I have a function that I use called sqlf(), it emulates prepared statements. For instance I can do things like:
$sql = sqlf("SELECT * FROM Users WHERE name= :1 AND email= :2",'Big "John"','bj#example.com') ;
For various reasons, I cannot use prepared statements, but I would like to emulate them. The problem that I run into is with queries like
$sql = sqlf("SELECT * FROM Users WHERE id IN (:1)",array(1,2,3) );
My code works, but it fails with empty arrays, e.g. the following throws a mysql error:
SELECT * FROM Users WHERE id IN ();
Does anyone have any suggestions? How should I translate and empty array into sql that can be injected into an IN clause? Substituting NULL will not work.
Null is the only value that you can guarantee is not in the set. How come it is not an option? Anything else can be seen as part of the potential set, they are all values.
I would say that passing an empty array as argument for an IN() clause is an error. You have control over the syntax of the query when calling this function, so you should also be responsible for the inputs. I suggest checking for emptiness of the argument before calling the function.
Is there a possibility that you could detect empty arrays withing sqlf and change the SQL to not have the IN clause?
Alteratively, you could postprocess the SQL before passing it to the "real" SQL executor so that "IN ()" sections are removed although you'd have to do all sorts of trickery to see what other elements had to be removed so that:
SELECT * FROM Users WHERE id IN ();
SELECT * FROM Users WHERE a = 7 AND id IN ();
SELECT * FROM Users WHERE id IN () OR a = 9;
would become:
SELECT * FROM Users;
SELECT * FROM Users WHERE a = 7;
SELECT * FROM Users WHERE a = 9;
That could get tricky depending on the complexity of your SQL - you'd basically need a full SQL language interpreter.
If your prepare-like function simply replaces :1 with the equivalent argument, you might try having your query contain something like (':1'), so that if :1 is empty, it resolves to (''), which will not cause a parse error (however it may cause undesirable behavior, if that field can have blank values -- although if it's an int, this isn't a problem).

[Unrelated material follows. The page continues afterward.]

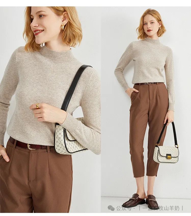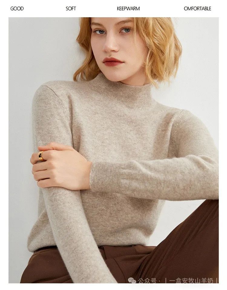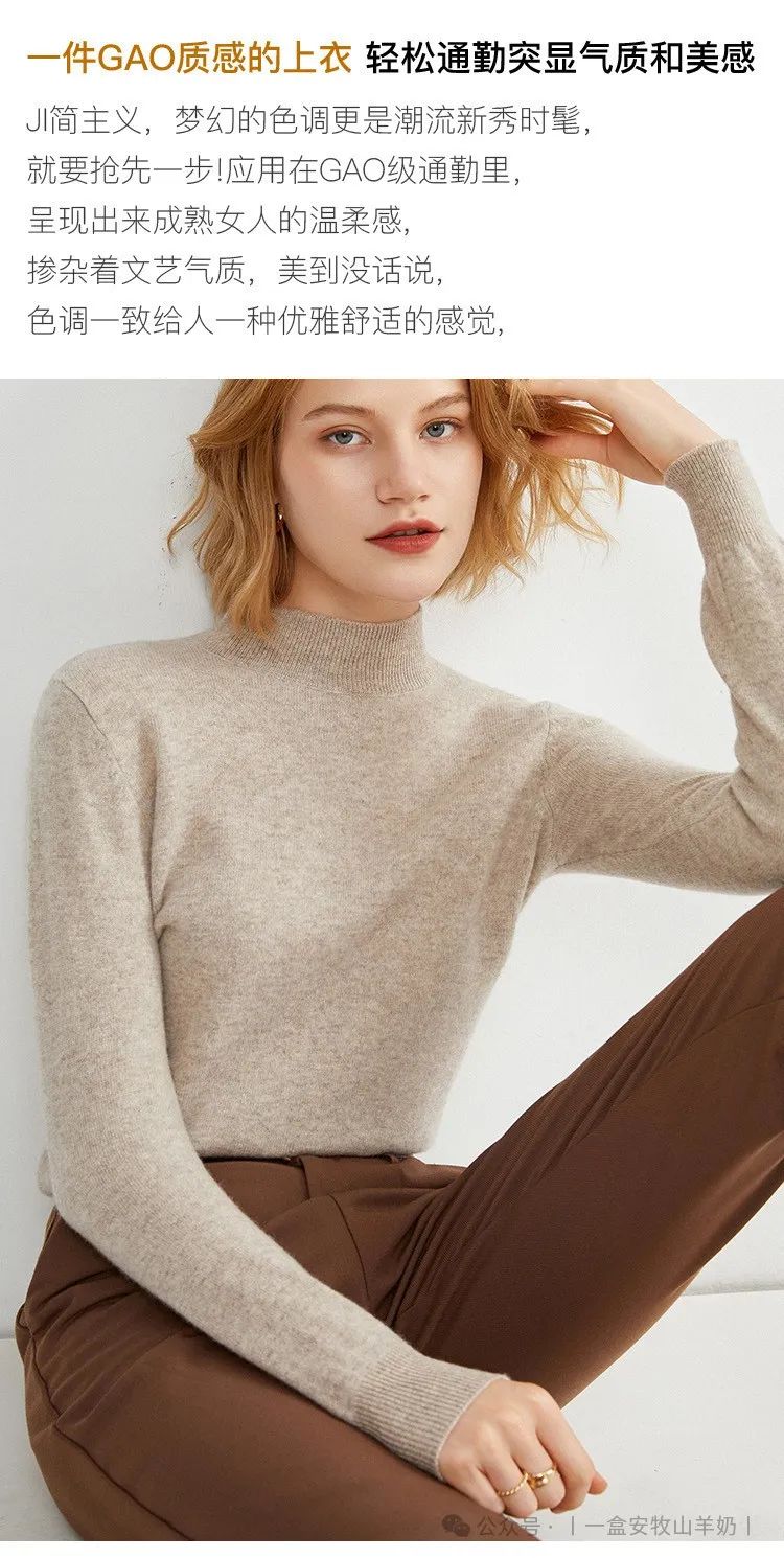 【袁泉同款意大利轻奢品牌半高领羊绒衫】

It's not a very clean solution, however, and you're better off detecting whether the array is empty and simply using an alternate version of the query that lacks the "IN (:1)" component. (If that's the only logic in the WHERE clause, then presumably you don't want to select everything, so you would simply not execute the query.)
I would use zero, assuming your "id" column is a pseudokey that is assigned numbers automatically.
As far as I know, automatic key generators in most brands of database begin at 1. This is a convention, not a requirement (auto-numbered fields are not defined in standard SQL). But this convention is common enough that you can probably rely on it.
Since zero probably never appears in your "id" column, you can use this value in the IN() predicate when your input array is empty, and it'll never match.
The only way I can think to do it would be to make your sqlf() function scan to see if a particular substitution comes soon after an "IN (" and then if the passed variable is an empty array, put in something which you know for certain won't be in that column: "m,znmzcb~~1", for example. It's a hack, for sure but it would work.
If you wanted to take it even further, could you change your function so that there are different types of substitutions? It looks like your function scans for a colon followed by a number. Why not add another type, like an # followed by a number, which will be smart to empty arrays (this saves you from having to scan and guess if the variable is supposed to be an array).